◆ REQUIRED ACTION
Any pictures in the records below should be skipped; write out everything else exactly.

◆ DATASET ENTRIES
_ _ _ _ _ _ _

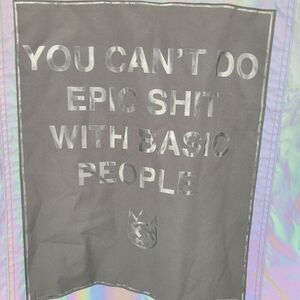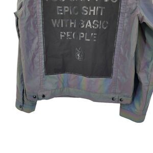Can't Do Epic Sh!t With Basic People spell out back. Elevate your wardrobe with this innovative 2-in-1 reversible jacket. Crafted with 3M reflective iridescent fabric and black premium denim, it blends style and functionality seamlessly.
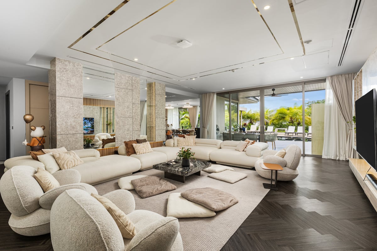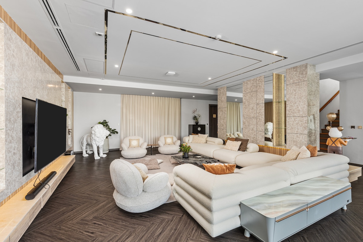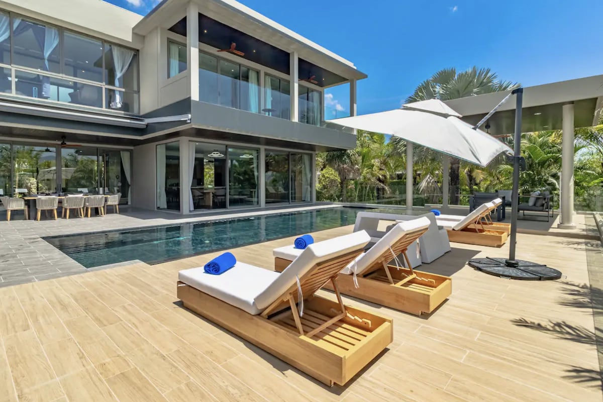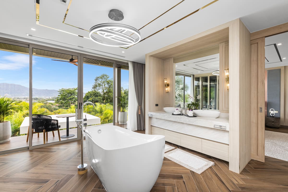 Вілла розрахована на 10 гостей і має 5 спалень та 4 ванні кімнати. Кожна спальня оформлена в сучасному стилі, оснащена кондиціонером і телевізором, а з великих панорамних вікон відкривається вид на джунглі чи море. Майстер-спальня має власну ванну кімнату та балкон — ідеальне місце для споглядання заходів сонця.
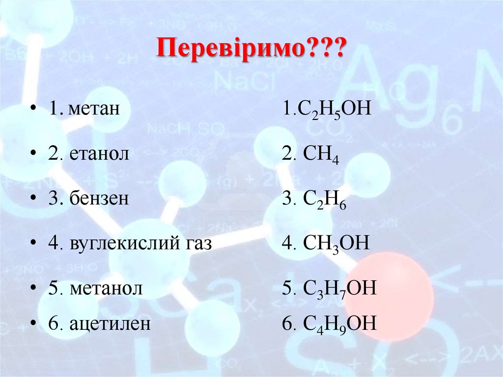 Перевіримо???• 1. метан
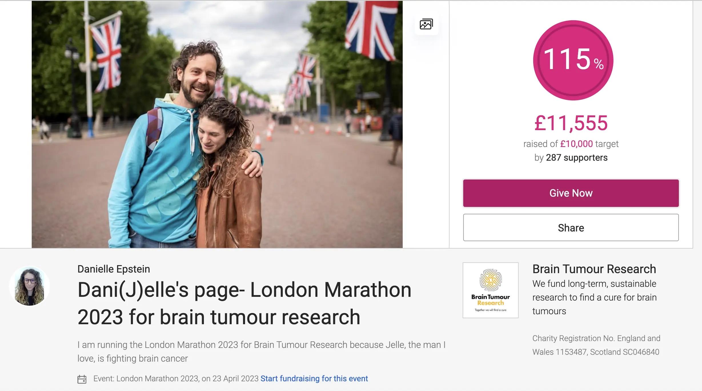 Danielle ran the London Marathon in Jelle's honor and raised over £14,800 ($19,830) of her £10,000 ($12,400) goal on JustGiving for the charity Brain Tumour Research.
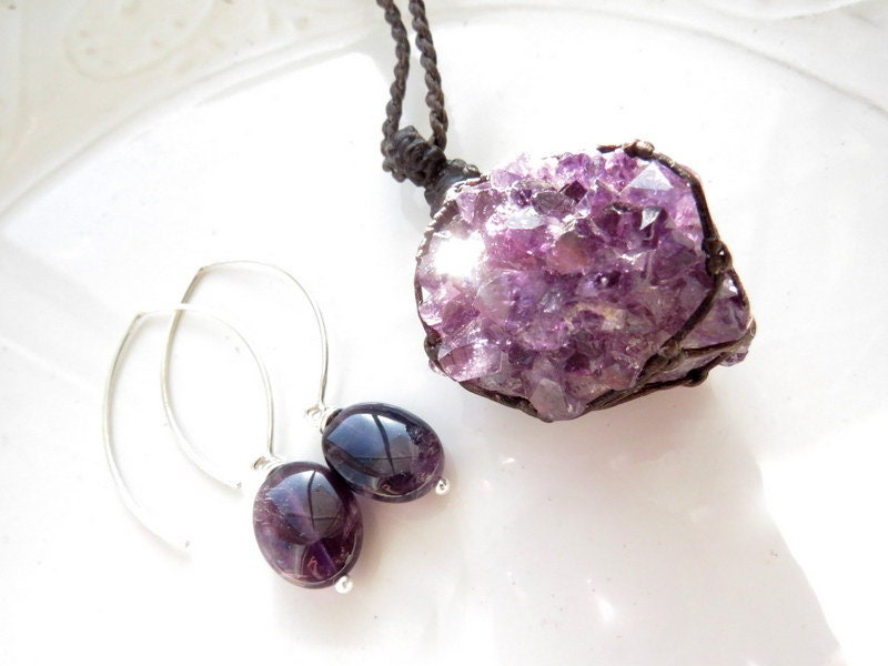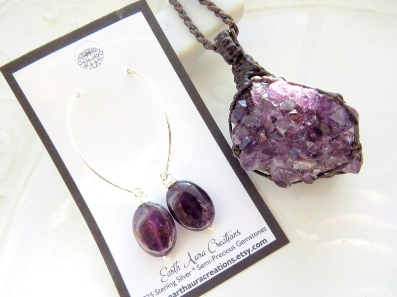 Beautiful deep purple Amethyst necklace and earrings set ! A lovely Amethyst macrame necklace and sterling silver Amethyst drop earrings - the perfect gift!💜💜💜
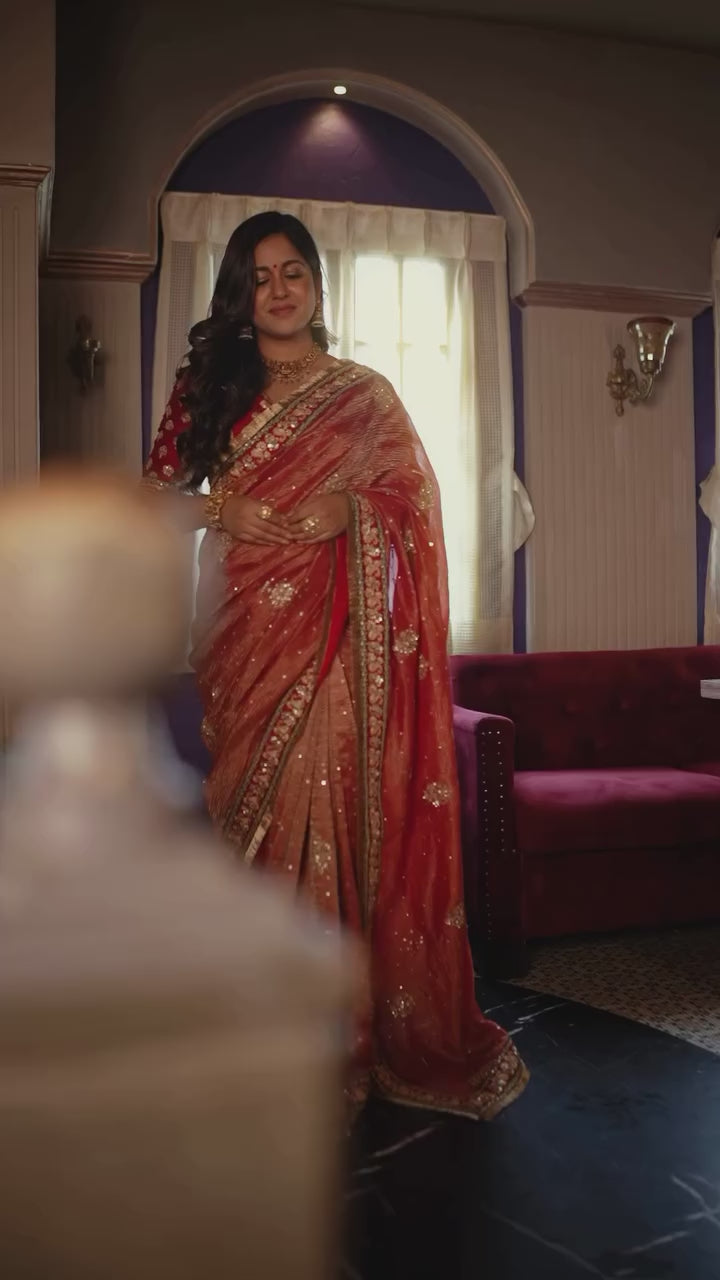 Banarasi Crush Saree with Hari Thread Embroidery Butta, Sequin Detailing & Zari Dori Lace Border
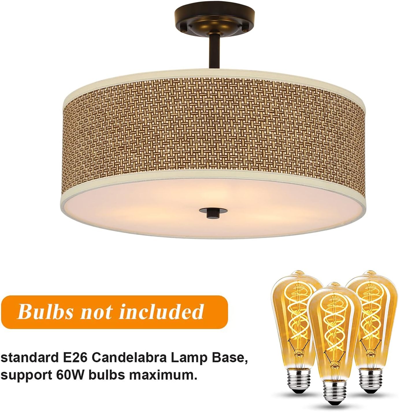 DetailsE26 Bulb Head: This product uses E26 bulbs, which are easy to purchase and assemble.Large Ceiling Tray: This product uses a 4.72in large diameter ceiling tray, which can make the fixture fixed more firmly. ApplicationYou can install this elegant fixture in different areas of your home, such as kitchens, bedrooms, offices, dens, hallways, entrances, foyers, and more. It has a lighting area of 323sq. ft.SpecificationMaterial: Iron, RattanColor: BrownShape: CylindricalStyle: Simple and ModernLamp Form: Ceiling LightLight Source Type: Any Bulb With E26 Bulb Holder Bulb Maximum Wattage: 60WNumber of Light Sources: 3 (Not Included)Surface Finish: ElectroplatingInstallation Type: HangingVoltage: 85-240V 50/60HzIlluminated Area: 30㎡/323sq. ftAdjust Brightness: Compatible with Dimming Lamp and Dimmer SwitchAssembly Required: YesGross Weight: 2.8kg/ 6.17 lbs Net Weight: 2kg/ 4.41 lbsProduct Size(φ&H): 43*32cm/ 16.93*12.59inCeiling Tray Diameter: 12cm/4.72inPackage Size: 45*45*18cm/17.72*17.72*7.09inPackage Included1 * Rattan Semi Flush Ceiling Light Notes1.This product does not include the bulbs, please purchase them yourself.2.This product is not waterproof, please install it in a dry environment.3.Please disconnect the power and wipe with a soft, dry cloth before cleaning the shade or fixture. Please avoid using chemicals and household cleaners as they may damage the finish.4.Products with electrical plugs are designed for use in the US. Please check compatibility before purchasing.5.Please allow the slight color difference caused by the shooting light and the 1-3 cm error due to manual measurement, and make sure you do not mind before ordering.
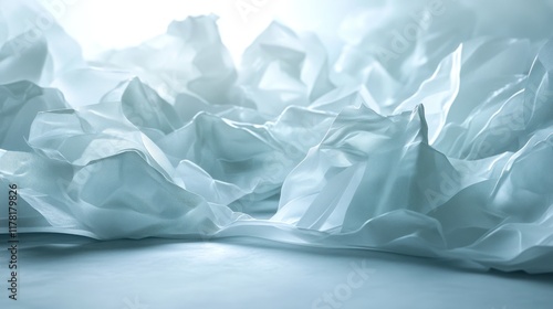 Crumpled white paper creates a textured landscape resembling icy mountains in soft lighting. Generative AI
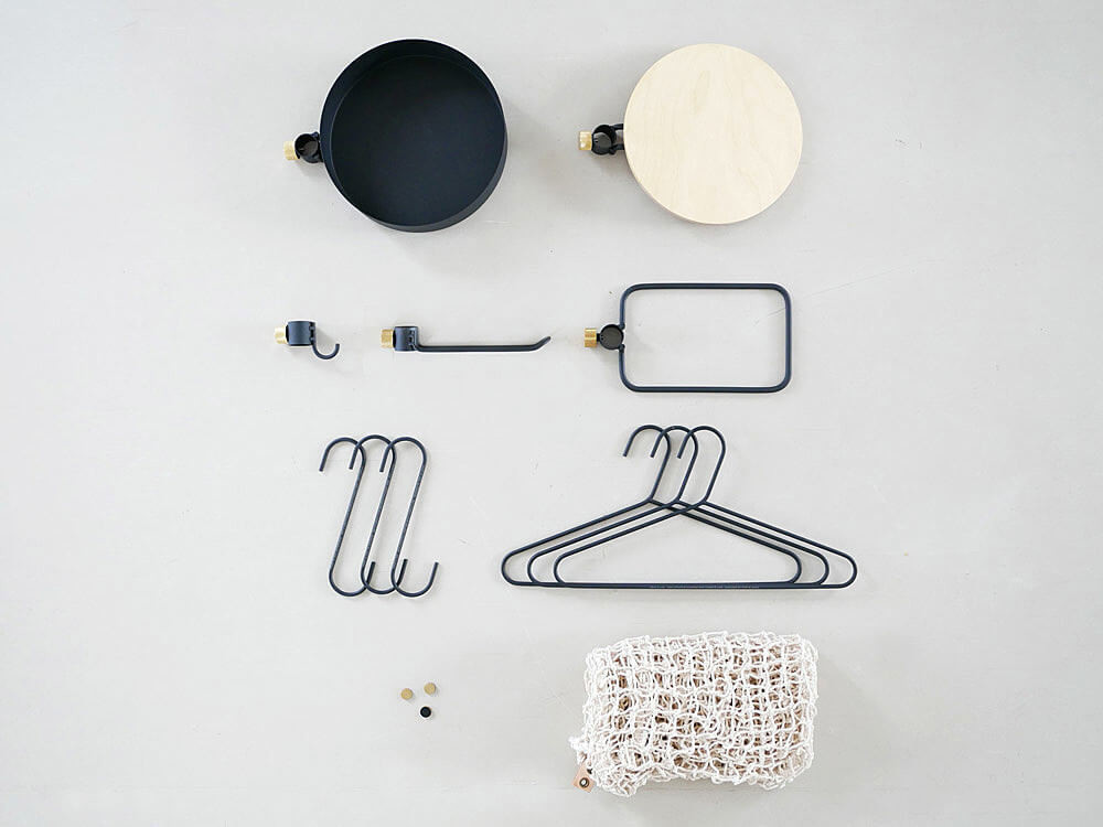 トレイ、テーブル、フック、ロングフック、シューズラック、Sフック(3個セット) 、クローゼットハンガー (3本セット) 、マグネット(3個セット)、ネットの全部で9種類のアクセサリーの中から選べます。

_ _ _ _ _ _ _

◆ TASK SOLUTION
Can't Do Epic Sh!t With Basic People spell out back. Elevate your wardrobe with this innovative 2-in-1 reversible jacket. Crafted with 3M reflective iridescent fabric and black premium denim, it blends style and functionality seamlessly.
 Вілла розрахована на 10 гостей і має 5 спалень та 4 ванні кімнати. Кожна спальня оформлена в сучасному стилі, оснащена кондиціонером і телевізором, а з великих панорамних вікон відкривається вид на джунглі чи море. Майстер-спальня має власну ванну кімнату та балкон — ідеальне місце для споглядання заходів сонця.
 Перевіримо???• 1. метан
 Danielle ran the London Marathon in Jelle's honor and raised over £14,800 ($19,830) of her £10,000 ($12,400) goal on JustGiving for the charity Brain Tumour Research.
 Beautiful deep purple Amethyst necklace and earrings set ! A lovely Amethyst macrame necklace and sterling silver Amethyst drop earrings - the perfect gift!💜💜💜
 Banarasi Crush Saree with Hari Thread Embroidery Butta, Sequin Detailing & Zari Dori Lace Border
 DetailsE26 Bulb Head: This product uses E26 bulbs, which are easy to purchase and assemble.Large Ceiling Tray: This product uses a 4.72in large diameter ceiling tray, which can make the fixture fixed more firmly. ApplicationYou can install this elegant fixture in different areas of your home, such as kitchens, bedrooms, offices, dens, hallways, entrances, foyers, and more. It has a lighting area of 323sq. ft.SpecificationMaterial: Iron, RattanColor: BrownShape: CylindricalStyle: Simple and ModernLamp Form: Ceiling LightLight Source Type: Any Bulb With E26 Bulb Holder Bulb Maximum Wattage: 60WNumber of Light Sources: 3 (Not Included)Surface Finish: ElectroplatingInstallation Type: HangingVoltage: 85-240V 50/60HzIlluminated Area: 30㎡/323sq. ftAdjust Brightness: Compatible with Dimming Lamp and Dimmer SwitchAssembly Required: YesGross Weight: 2.8kg/ 6.17 lbs Net Weight: 2kg/ 4.41 lbsProduct Size(φ&H): 43*32cm/ 16.93*12.59inCeiling Tray Diameter: 12cm/4.72inPackage Size: 45*45*18cm/17.72*17.72*7.09inPackage Included1 * Rattan Semi Flush Ceiling Light Notes1.This product does not include the bulbs, please purchase them yourself.2.This product is not waterproof, please install it in a dry environment.3.Please disconnect the power and wipe with a soft, dry cloth before cleaning the shade or fixture. Please avoid using chemicals and household cleaners as they may damage the finish.4.Products with electrical plugs are designed for use in the US. Please check compatibility before purchasing.5.Please allow the slight color difference caused by the shooting light and the 1-3 cm error due to manual measurement, and make sure you do not mind before ordering.
 Crumpled white paper creates a textured landscape resembling icy mountains in soft lighting. Generative AI
 トレイ、テーブル、フック、ロングフック、シューズラック、Sフック(3個セット) 、クローゼットハンガー (3本セット) 、マグネット(3個セット)、ネットの全部で9種類のアクセサリーの中から選べます。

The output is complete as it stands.